_INPUT MATERIAL_
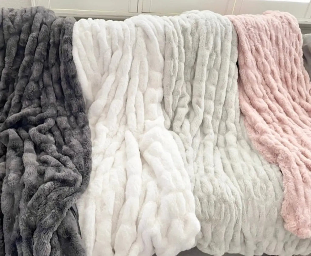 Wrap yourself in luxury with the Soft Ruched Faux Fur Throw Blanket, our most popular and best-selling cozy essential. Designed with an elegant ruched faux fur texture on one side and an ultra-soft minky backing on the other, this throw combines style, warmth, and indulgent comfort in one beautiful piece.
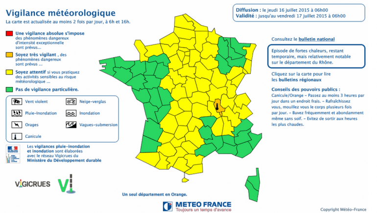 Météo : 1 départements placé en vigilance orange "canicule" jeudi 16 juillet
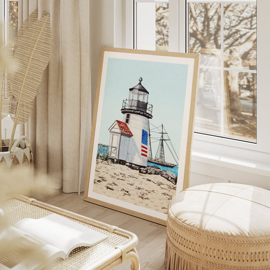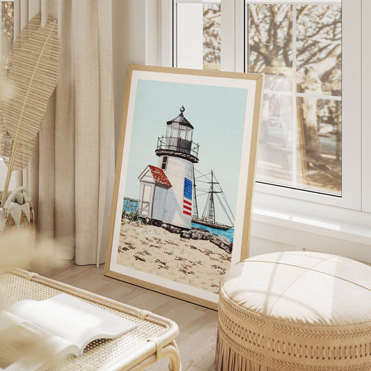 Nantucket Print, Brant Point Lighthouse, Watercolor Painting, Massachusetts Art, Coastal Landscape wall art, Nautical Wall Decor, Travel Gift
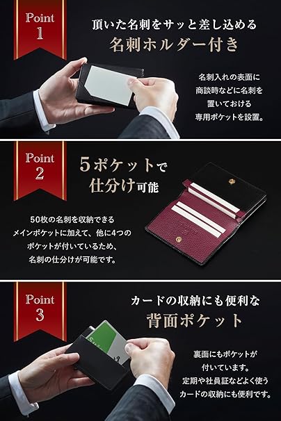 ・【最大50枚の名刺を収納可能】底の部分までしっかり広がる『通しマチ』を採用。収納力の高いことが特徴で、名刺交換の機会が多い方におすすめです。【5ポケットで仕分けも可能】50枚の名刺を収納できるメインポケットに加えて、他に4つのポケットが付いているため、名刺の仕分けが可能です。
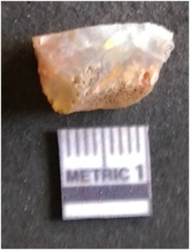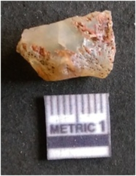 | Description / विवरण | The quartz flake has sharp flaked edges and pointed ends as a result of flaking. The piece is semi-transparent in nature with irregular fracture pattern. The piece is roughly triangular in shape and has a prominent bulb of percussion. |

==

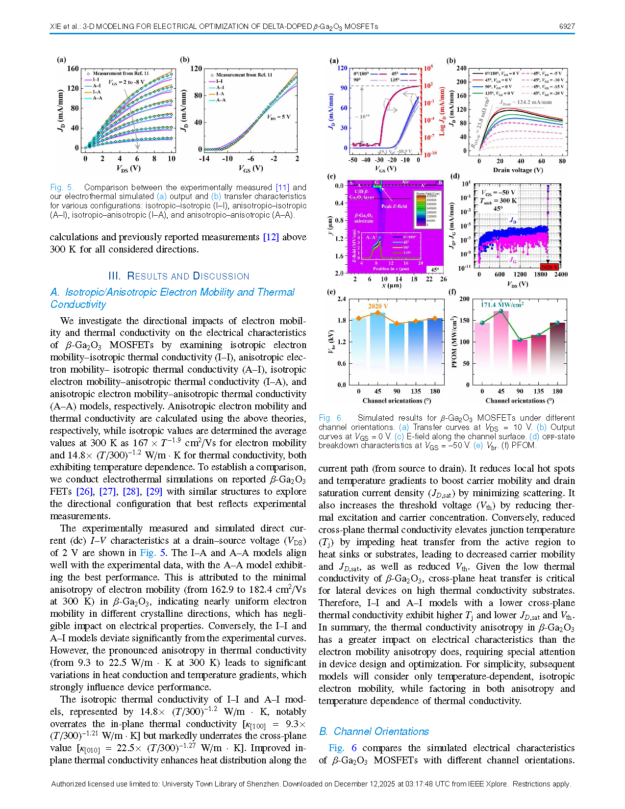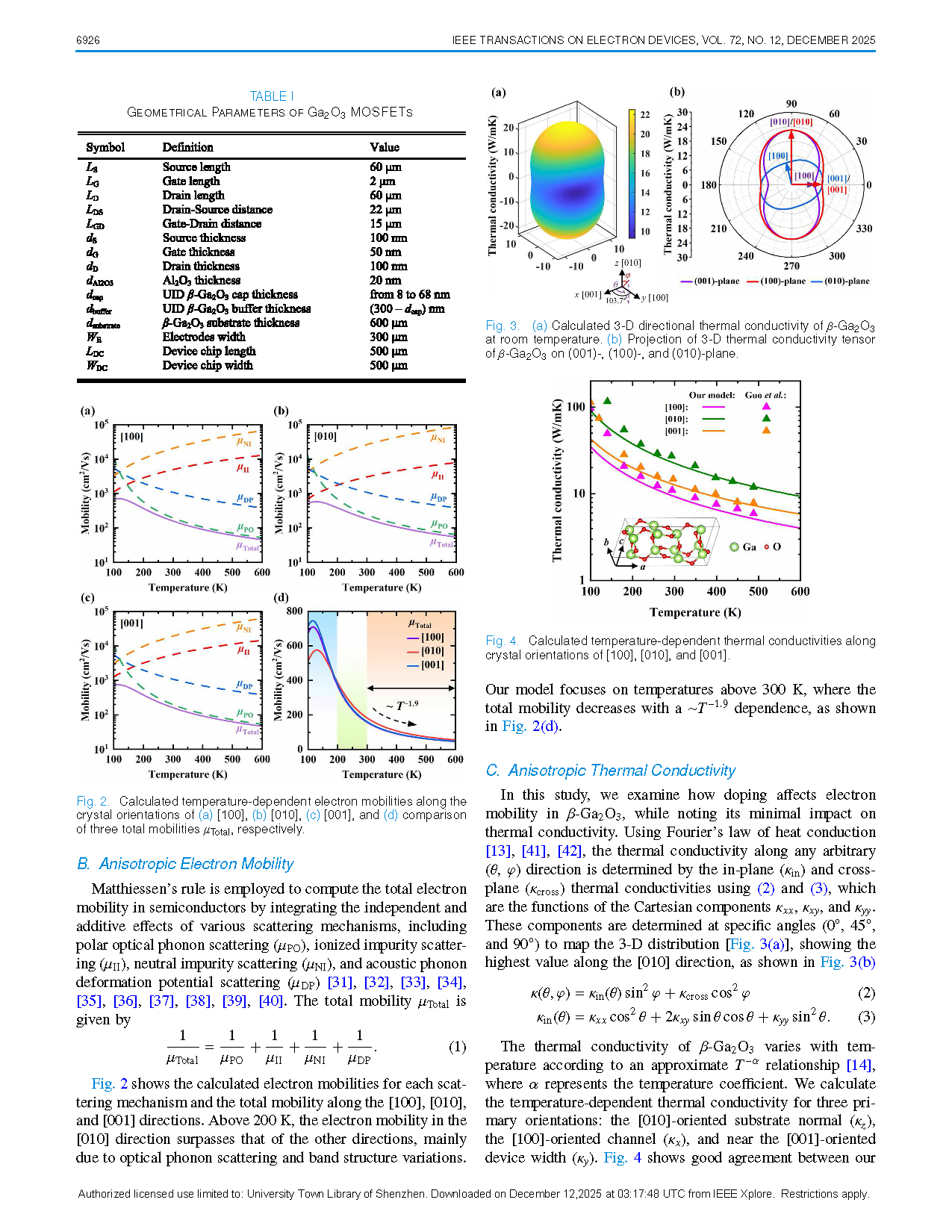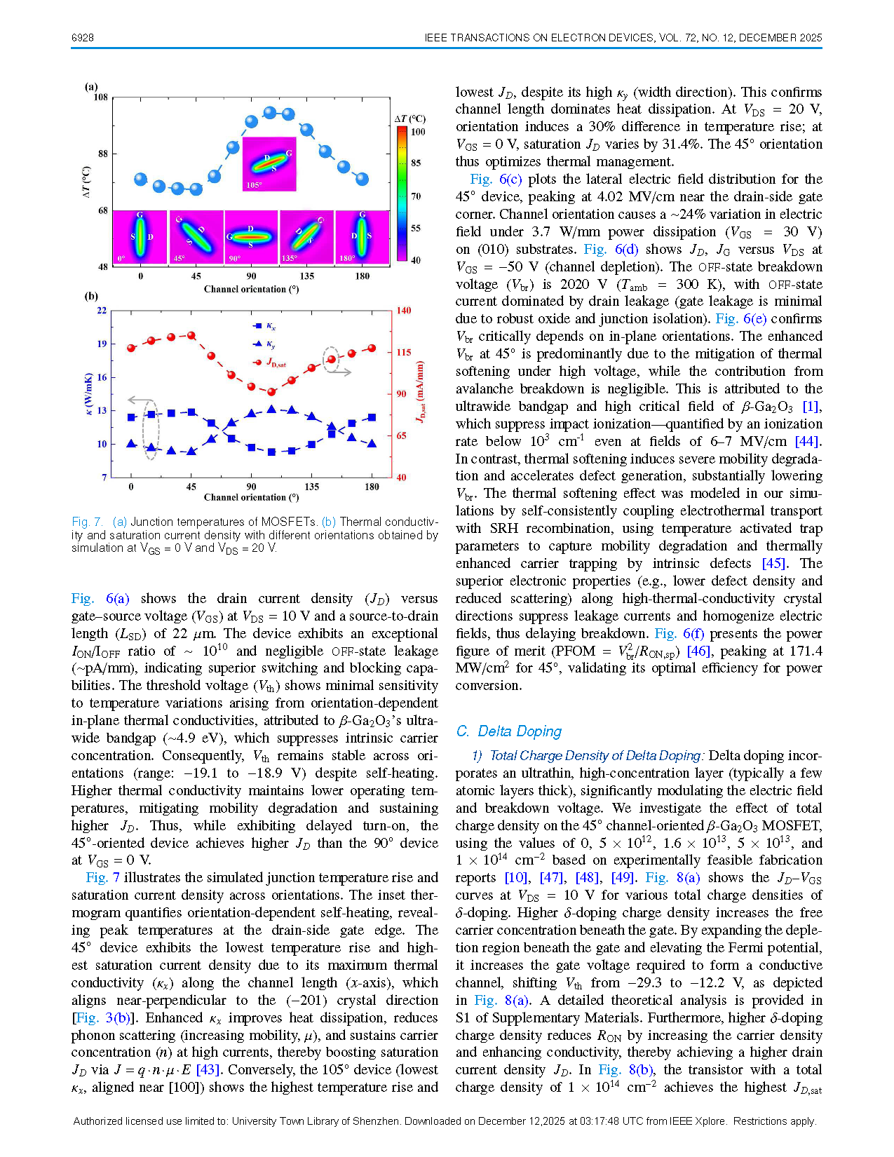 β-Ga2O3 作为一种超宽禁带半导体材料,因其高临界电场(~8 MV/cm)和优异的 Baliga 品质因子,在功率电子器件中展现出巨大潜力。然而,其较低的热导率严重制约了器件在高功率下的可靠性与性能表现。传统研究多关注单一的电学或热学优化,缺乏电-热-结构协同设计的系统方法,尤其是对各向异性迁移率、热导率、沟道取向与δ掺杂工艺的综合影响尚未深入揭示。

==

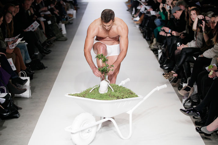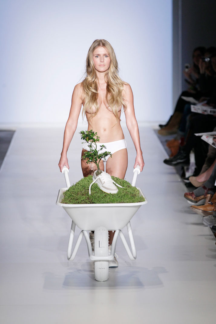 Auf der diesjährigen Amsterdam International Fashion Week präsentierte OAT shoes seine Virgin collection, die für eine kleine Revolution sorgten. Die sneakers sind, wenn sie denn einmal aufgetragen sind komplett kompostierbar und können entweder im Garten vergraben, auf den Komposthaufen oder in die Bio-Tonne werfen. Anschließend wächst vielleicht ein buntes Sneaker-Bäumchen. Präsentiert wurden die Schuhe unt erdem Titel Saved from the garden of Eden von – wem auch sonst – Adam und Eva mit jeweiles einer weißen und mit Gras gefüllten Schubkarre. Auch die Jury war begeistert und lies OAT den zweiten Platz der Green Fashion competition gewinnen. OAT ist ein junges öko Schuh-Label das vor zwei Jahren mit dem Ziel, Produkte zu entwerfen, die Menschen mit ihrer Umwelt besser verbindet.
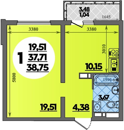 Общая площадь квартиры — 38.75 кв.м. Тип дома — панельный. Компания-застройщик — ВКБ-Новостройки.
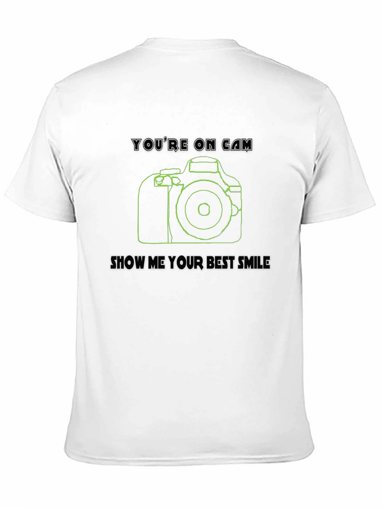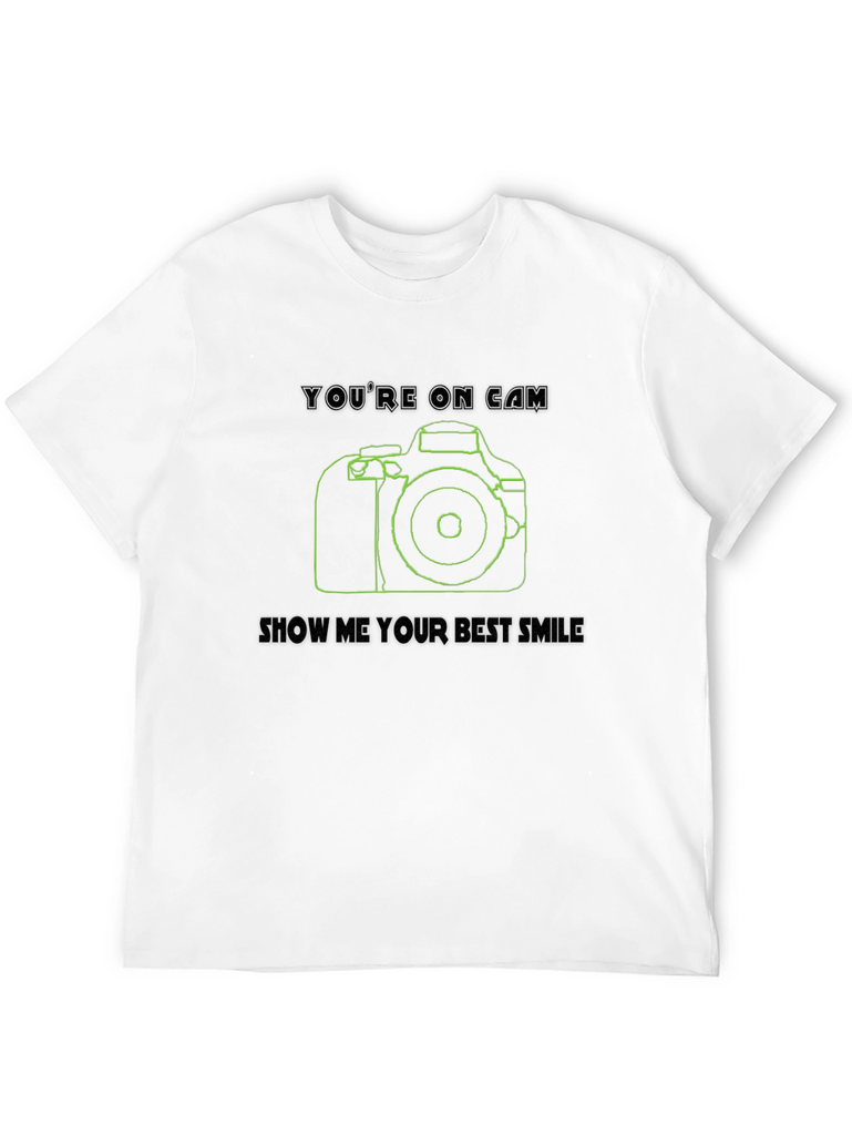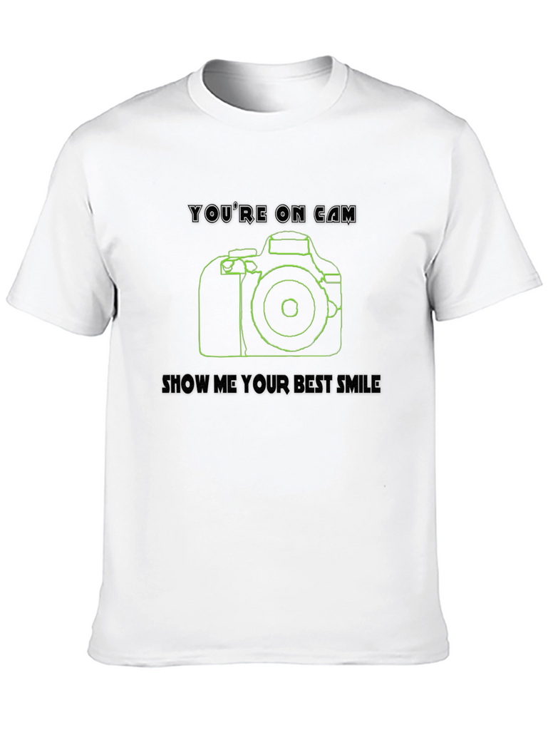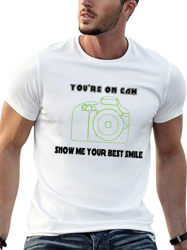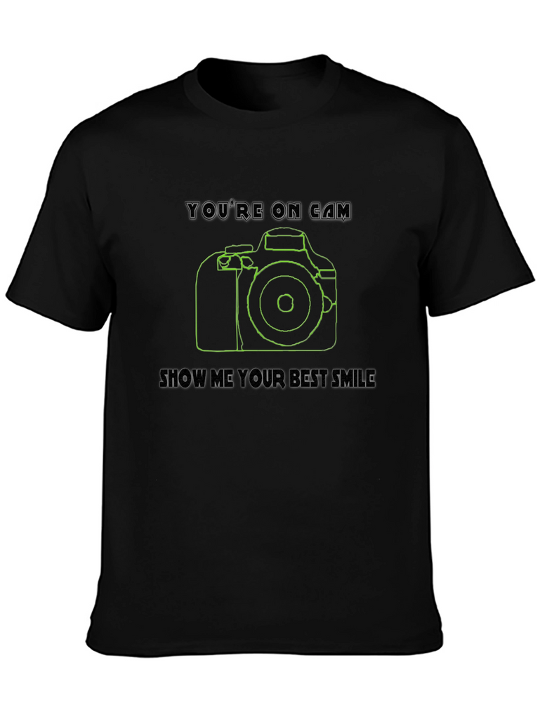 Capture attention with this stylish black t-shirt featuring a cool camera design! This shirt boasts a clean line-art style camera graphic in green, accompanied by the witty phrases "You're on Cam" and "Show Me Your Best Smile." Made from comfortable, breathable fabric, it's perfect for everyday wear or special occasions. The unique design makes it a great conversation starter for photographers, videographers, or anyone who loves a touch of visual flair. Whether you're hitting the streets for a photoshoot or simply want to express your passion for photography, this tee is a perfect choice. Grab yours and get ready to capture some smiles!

_EXERCISE GOAL_
Starting at the line containing "Nantucket Print, Brant" and finishing at the line containing "of percussion. |", return those lines exactly as they appear above, without the pictures.

_RESPONSE TO THE EXERCISE_
 Nantucket Print, Brant Point Lighthouse, Watercolor Painting, Massachusetts Art, Coastal Landscape wall art, Nautical Wall Decor, Travel Gift
 ・【最大50枚の名刺を収納可能】底の部分までしっかり広がる『通しマチ』を採用。収納力の高いことが特徴で、名刺交換の機会が多い方におすすめです。【5ポケットで仕分けも可能】50枚の名刺を収納できるメインポケットに加えて、他に4つのポケットが付いているため、名刺の仕分けが可能です。
 | Description / विवरण | The quartz flake has sharp flaked edges and pointed ends as a result of flaking. The piece is semi-transparent in nature with irregular fracture pattern. The piece is roughly triangular in shape and has a prominent bulb of percussion. |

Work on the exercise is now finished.